**ASSIGNED TASK:**
Your task is to reproduce exactly the lines from the one containing "Kommen Sie mit" through the last line below, both ends included, and nothing else, with no pictures.

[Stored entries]

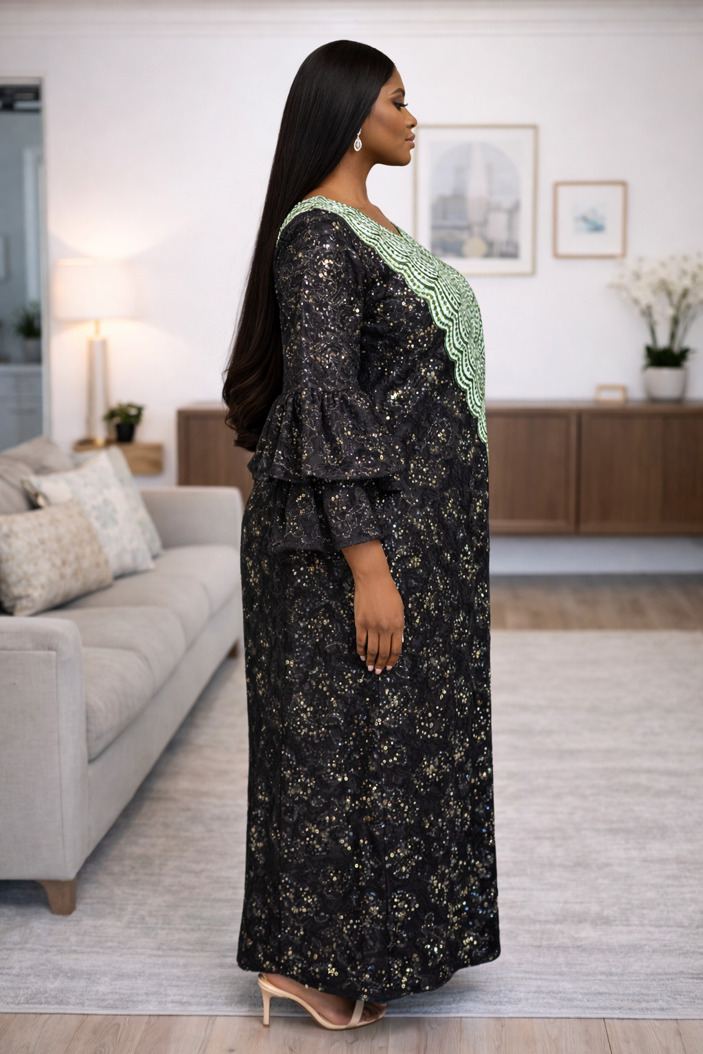 Step into a world of sophistication with the BOLA Collection, a stunning fusion of traditional artistry and modern glamour. Each piece in this collection is meticulously crafted with detailed embroidery, delicate boubous lace, and glistening stones, creating a harmonious blend of textures and embellishments that speak to refined luxury.
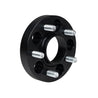 Spacers can only be used with wheels that have cut-outs (facing the hub) to clear the stock studs. Please check as follows: Original stud length (i.e. 35mm) minus spacer-thickness (i.e. 25mm) = 10mm excess stud length. The cut-out should have a depth of 11mm.
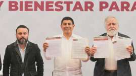 Mesa de Construcción de Paz con Justicia y Bienestar para la Nación Triqui El Gobernador de Oaxaca Salomón Jara, y el su...
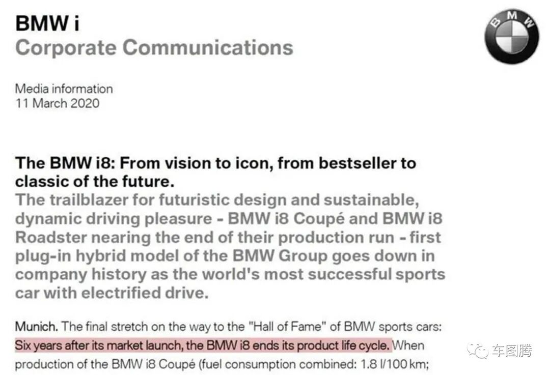 3月11日,宝马汽车宣布,插电式混合动力跑车i8将于2020年4月中旬正式停产。
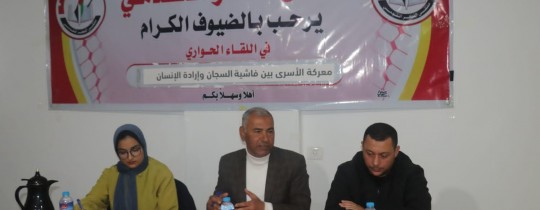 نظّم ملتقى الفكر التقدّمي في محافظة خانيونس، أمس الثلاثاء، لقاءً سياسيًّا بعنوان "معركة الأسرى بين فاشيّة السجّان وإرادة الإنسان"، حيث استضاف اللقاءُ رئيس وحدة الدراسات والتوثيق في هيئة شؤون الأسرى وا
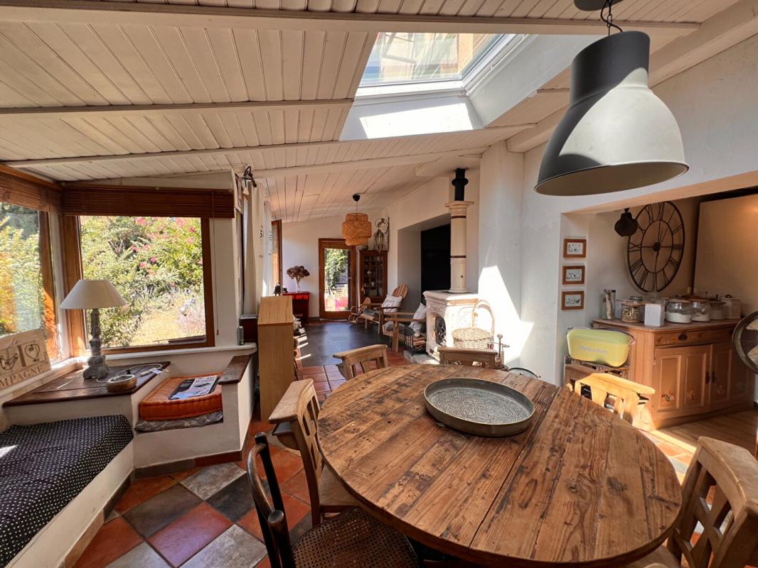 Une véranda avec son poêle à bois, vient apporter un espace supplémentaire baigné de lumière, idéal pour profiter du jardin quelle que soit la saison. Le rdc accueille également une chambre avec sa salle d'eau privative, offrant une vie de plain-pied appréciable, ainsi qu'un wc indépendant.
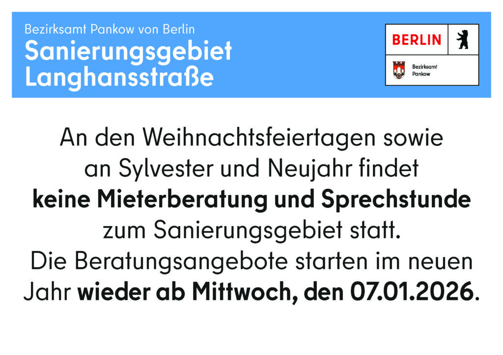 Kommen Sie mit Vertreter:innen des Fachbereichs Stadterneuerung vom Bezirksamt Pankow, des Gebietsbeauftragten sowie der Stadtteilvertretung Langhansstraße ins Gespräch und informieren Sie sich über Aktuelles aus dem Gebiet. Wir freuen uns auf zahlreiche Besucher:innen!
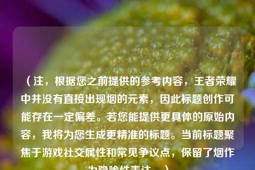 备注: 文章结合游戏术语与社会现象,既贴近玩家语言,又探讨了背后的深层问题,符合关键词“王者荣耀+烟”的关联立意。

**OUTPUT OF THE TASK:**
 Kommen Sie mit Vertreter:innen des Fachbereichs Stadterneuerung vom Bezirksamt Pankow, des Gebietsbeauftragten sowie der Stadtteilvertretung Langhansstraße ins Gespräch und informieren Sie sich über Aktuelles aus dem Gebiet. Wir freuen uns auf zahlreiche Besucher:innen!
 备注: 文章结合游戏术语与社会现象,既贴近玩家语言,又探讨了背后的深层问题,符合关键词“王者荣耀+烟”的关联立意。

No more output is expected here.